Every line of the material is to be transcribed verbatim, with images omitted.

→ **Stored data**:
####################
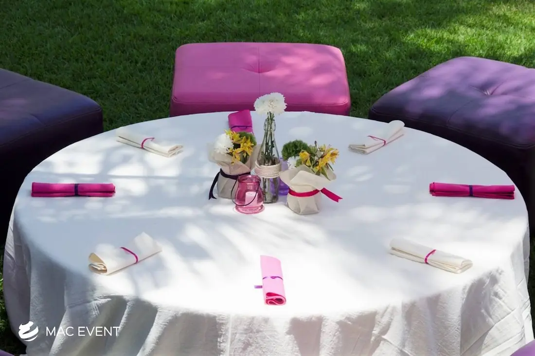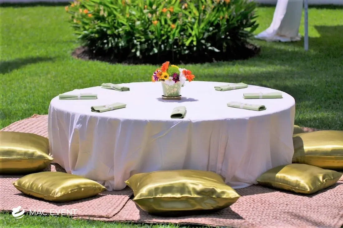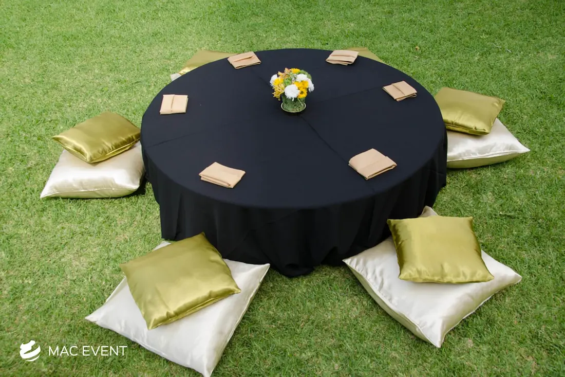 The round coffee table brings elegance and comfort to weddings, parties, and corporate events in Mexico. Its smooth circular design encourages conversation and creates a welcoming atmosphere in lounge or cocktail areas. This event table rental pairs beautifully with sofas, ottomans, and floor pillows, adding balance and flow to your décor. Renting round coffee tables in Mexico allows you to design cozy, stylish spaces where guests can relax and enjoy the celebration. For a refined yet relaxed touch, the round coffee table is the perfect addition to any event setup.
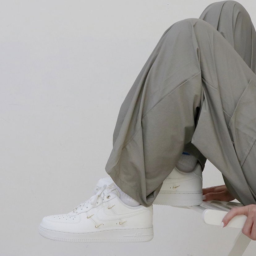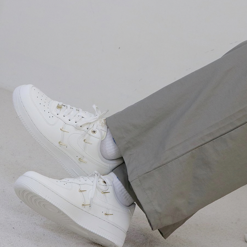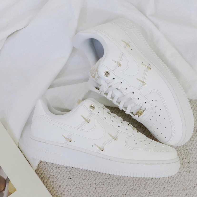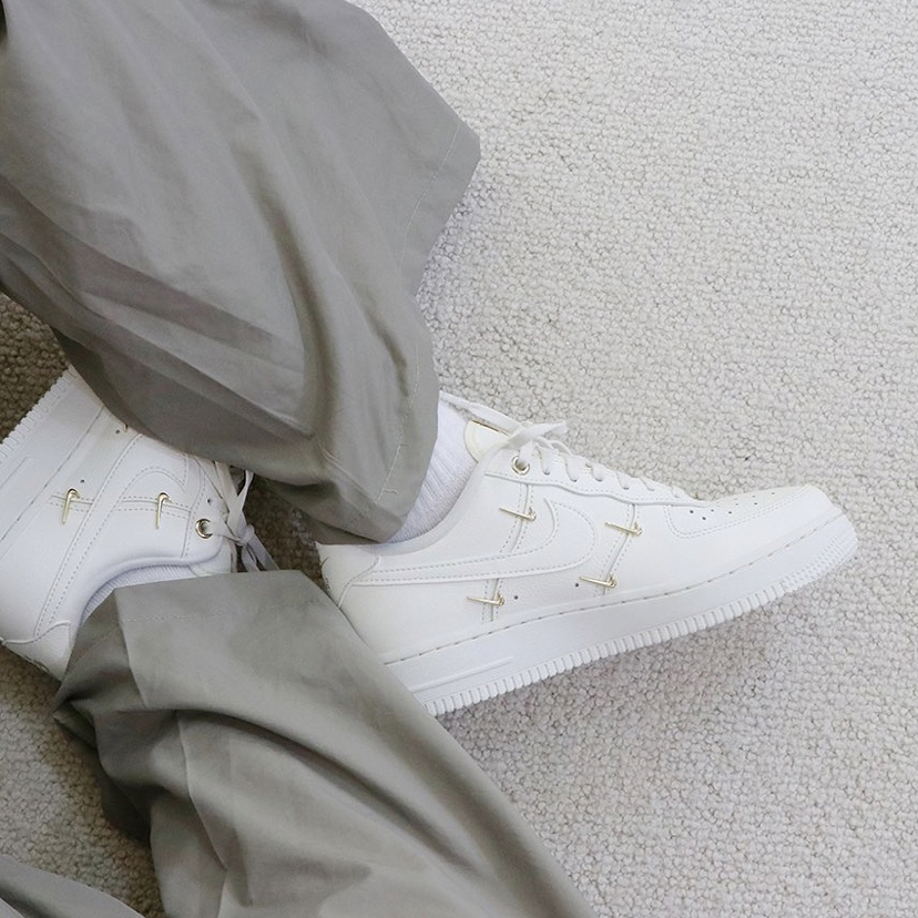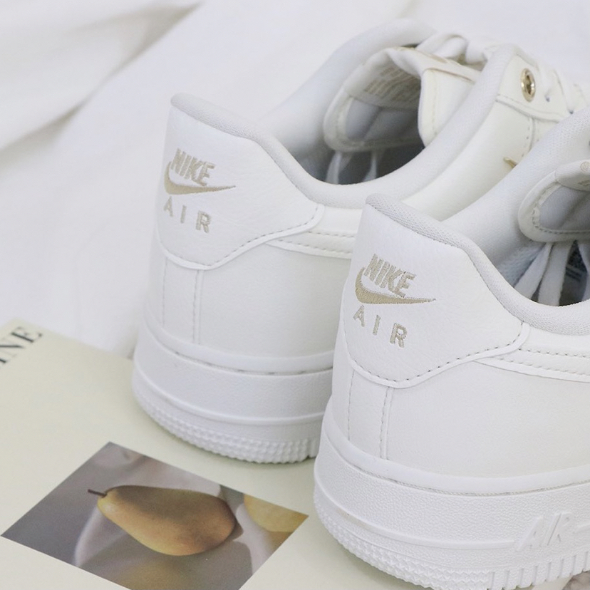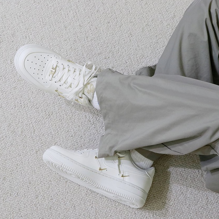 鞋名:Air Force 1 Low Mini Gold 白金 外观及细节: 这双鞋子从外观设计上是与普通的空军一号没有区别的,运用基础百搭的白色空军一号作为设计鞋型,但又没有加入复杂的设计,依旧保留了最为百搭的样式及配色,但在这身两侧装饰了多个金色的迷你swoosh,使鞋子很有质感,并且又有很高的辨识度,在穿搭中也吸引眼球,真正做到了简约不简单。
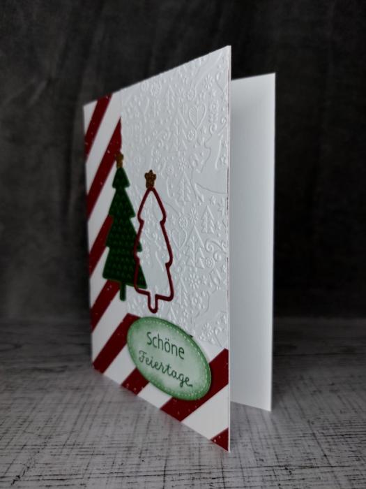 Grußkarte Weihnachten Schöne Feiertage handgemacht aus Farbkarton mit geprägter Vorderseite und ausgestanzten Weihnachtsbäumen sowie einem gestempeltem Schriftzug.
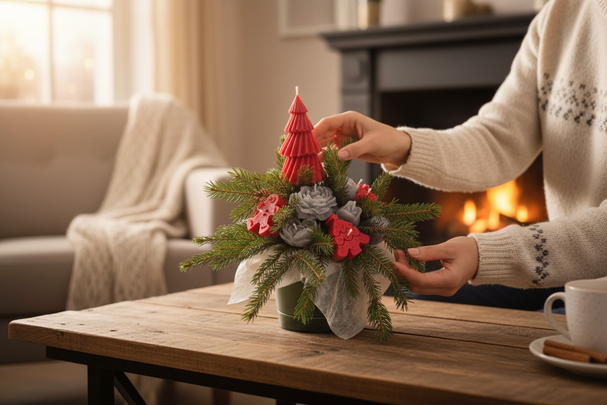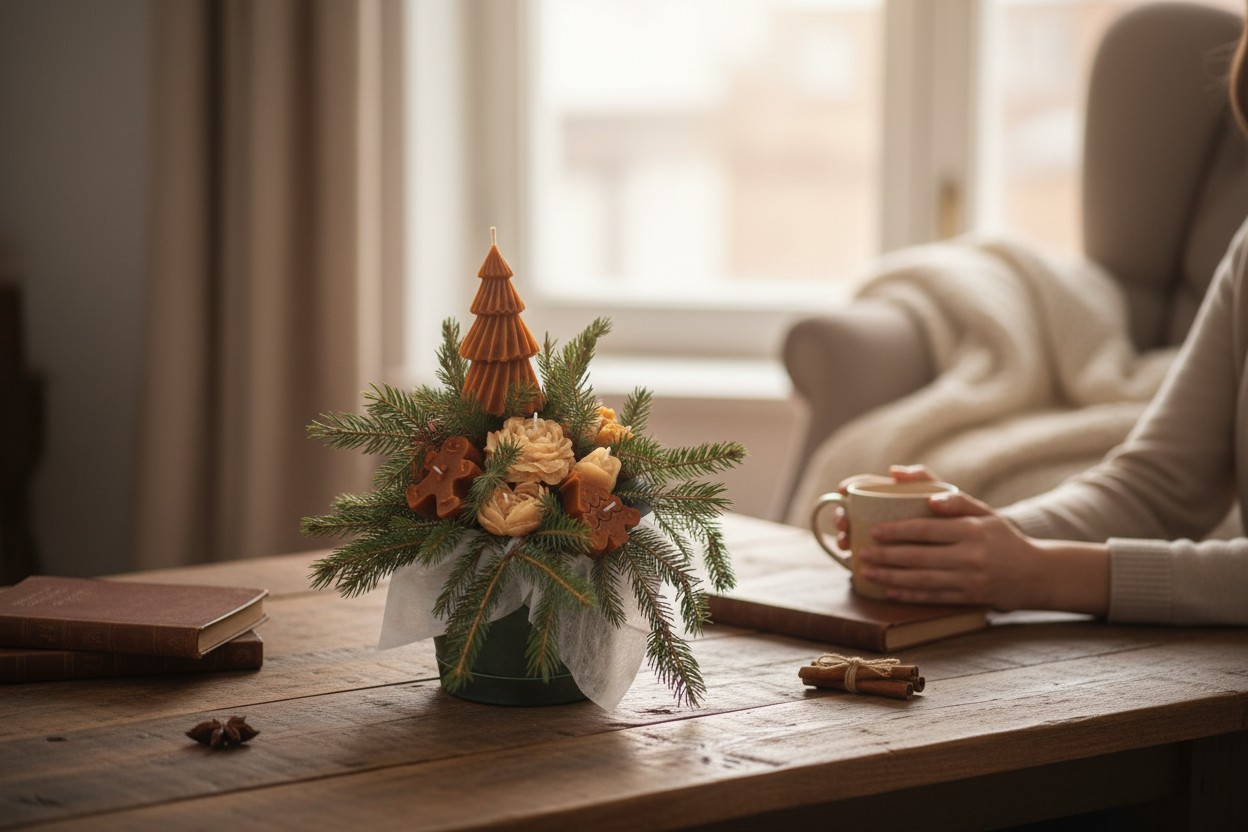 W MAJRAJ wierzymy, że święta tworzą drobne momenty — blask świecy, zapach zimy, delikatność dekoracji i ciepło domu. Zimowa Opowieść to flowerbox, który powstał właśnie z tej myśli. Każda świeca kwiatowa oraz każdy świąteczny element dekoracyjny wykonywany jest ręcznie z wosku, tak aby cała kompozycja wyglądała jak zimowy bukiet ukryty w naturalnym igliwiu.
####################
→ **Answer**:
 The round coffee table brings elegance and comfort to weddings, parties, and corporate events in Mexico. Its smooth circular design encourages conversation and creates a welcoming atmosphere in lounge or cocktail areas. This event table rental pairs beautifully with sofas, ottomans, and floor pillows, adding balance and flow to your décor. Renting round coffee tables in Mexico allows you to design cozy, stylish spaces where guests can relax and enjoy the celebration. For a refined yet relaxed touch, the round coffee table is the perfect addition to any event setup.
 鞋名:Air Force 1 Low Mini Gold 白金 外观及细节: 这双鞋子从外观设计上是与普通的空军一号没有区别的,运用基础百搭的白色空军一号作为设计鞋型,但又没有加入复杂的设计,依旧保留了最为百搭的样式及配色,但在这身两侧装饰了多个金色的迷你swoosh,使鞋子很有质感,并且又有很高的辨识度,在穿搭中也吸引眼球,真正做到了简约不简单。
 Grußkarte Weihnachten Schöne Feiertage handgemacht aus Farbkarton mit geprägter Vorderseite und ausgestanzten Weihnachtsbäumen sowie einem gestempeltem Schriftzug.
 W MAJRAJ wierzymy, że święta tworzą drobne momenty — blask świecy, zapach zimy, delikatność dekoracji i ciepło domu. Zimowa Opowieść to flowerbox, który powstał właśnie z tej myśli. Każda świeca kwiatowa oraz każdy świąteczny element dekoracyjny wykonywany jest ręcznie z wosku, tak aby cała kompozycja wyglądała jak zimowy bukiet ukryty w naturalnym igliwiu.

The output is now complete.